Your goal: Where the line containing "Stíl Féileacán Dathúil" appears, start repeating, and continue exactly through the last line below, adding nothing. Include no pictures.
_ _ _ _ _ _ _
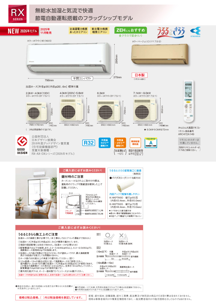 ダイキンの壁掛形は、全機種、左右、後、下からの配管取出しが可能で施工性に優れています。またドレンアップキット(別売)も取付可能です。
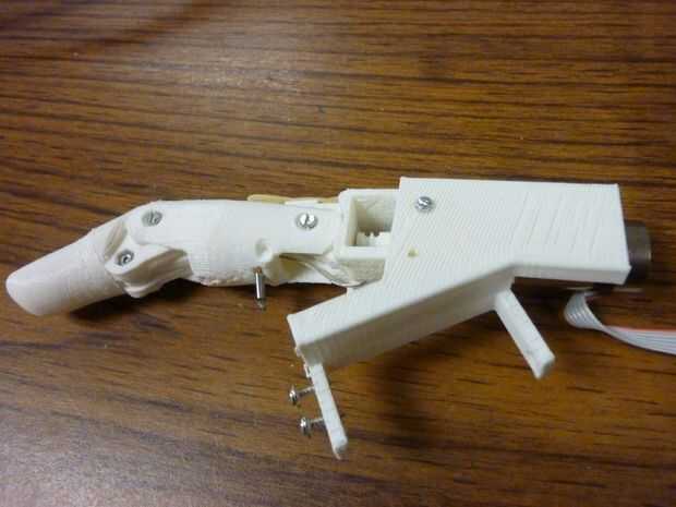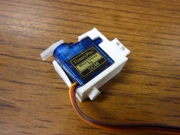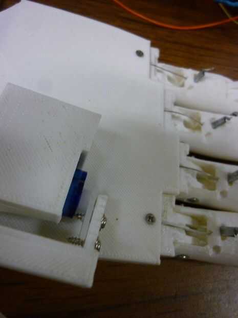 1. para montar el dedo pulgar terminado el cuerpo de la mano, primero encontrar el servo y servo del titular de la pieza impresa. Debe presionar ajuste juntos.
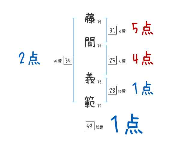 天運![]() | 藤間義範さんの天運は31画の5つ星!社交性があり判断力に優れる。順風満帆な人生で円満な生活。 家系が持つ宿命的な運勢を表します。祖先から受け継いだ苗字ですので自分の力が及びません。家柄を象徴します。 |
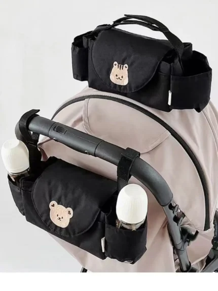 La borsa portaoggetti da passeggino con orsetto è pensata per tenere a portata di mano tutto il necessario durante le
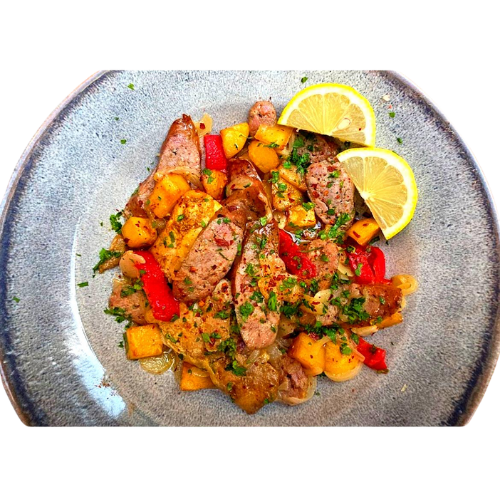 Pulpa superioara fara os 120g, carnati taranesti 60g, cartofi 70g, capia murati 40g, ceapa rosie 30g, sos cu unt 30g, suc lamaie 5g, usturoi 10g
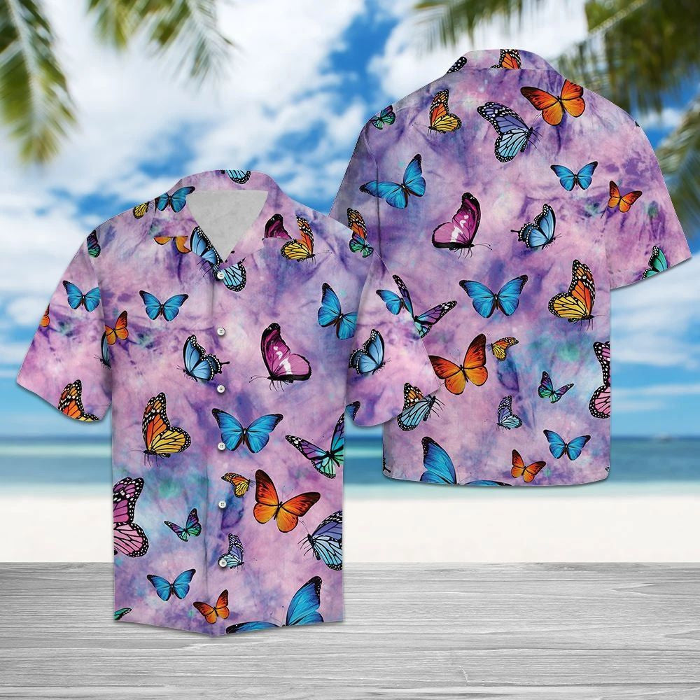 Stíl Féileacán Dathúil Aeistéitiúil Léine Haváí ar Théamaí Corcra Bláth, Bronntanas Léine Haváíais, Bronntanas Nollag
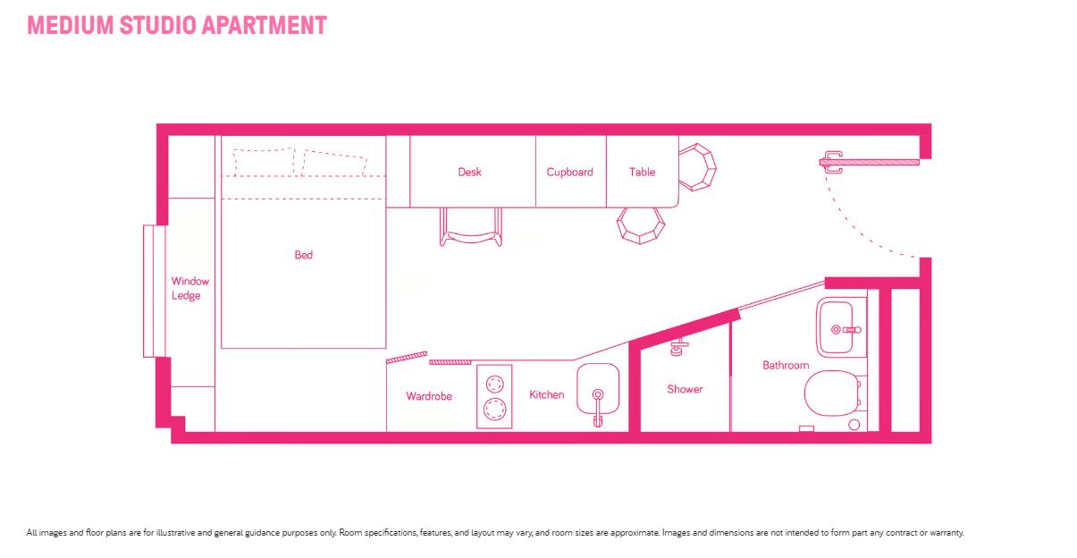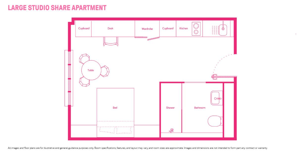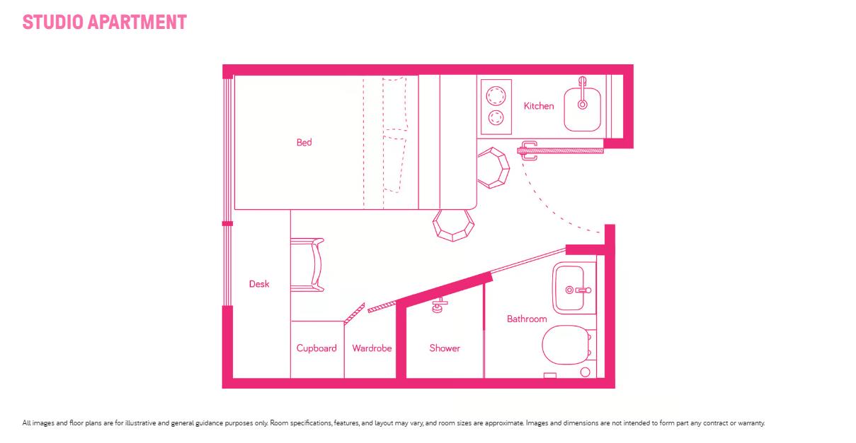 提供studio和2b share两种房型,studio独立卫浴单人间,配备单独厨房;2b share房型单人间,两人共享卫浴和厨房,适合好朋友一起居住。均配备舒适床垫、储物空间和充足采光。
_ _ _ _ _ _ _
Reply to the exercise:
 Stíl Féileacán Dathúil Aeistéitiúil Léine Haváí ar Théamaí Corcra Bláth, Bronntanas Léine Haváíais, Bronntanas Nollag
 提供studio和2b share两种房型,studio独立卫浴单人间,配备单独厨房;2b share房型单人间,两人共享卫浴和厨房,适合好朋友一起居住。均配备舒适床垫、储物空间和充足采光。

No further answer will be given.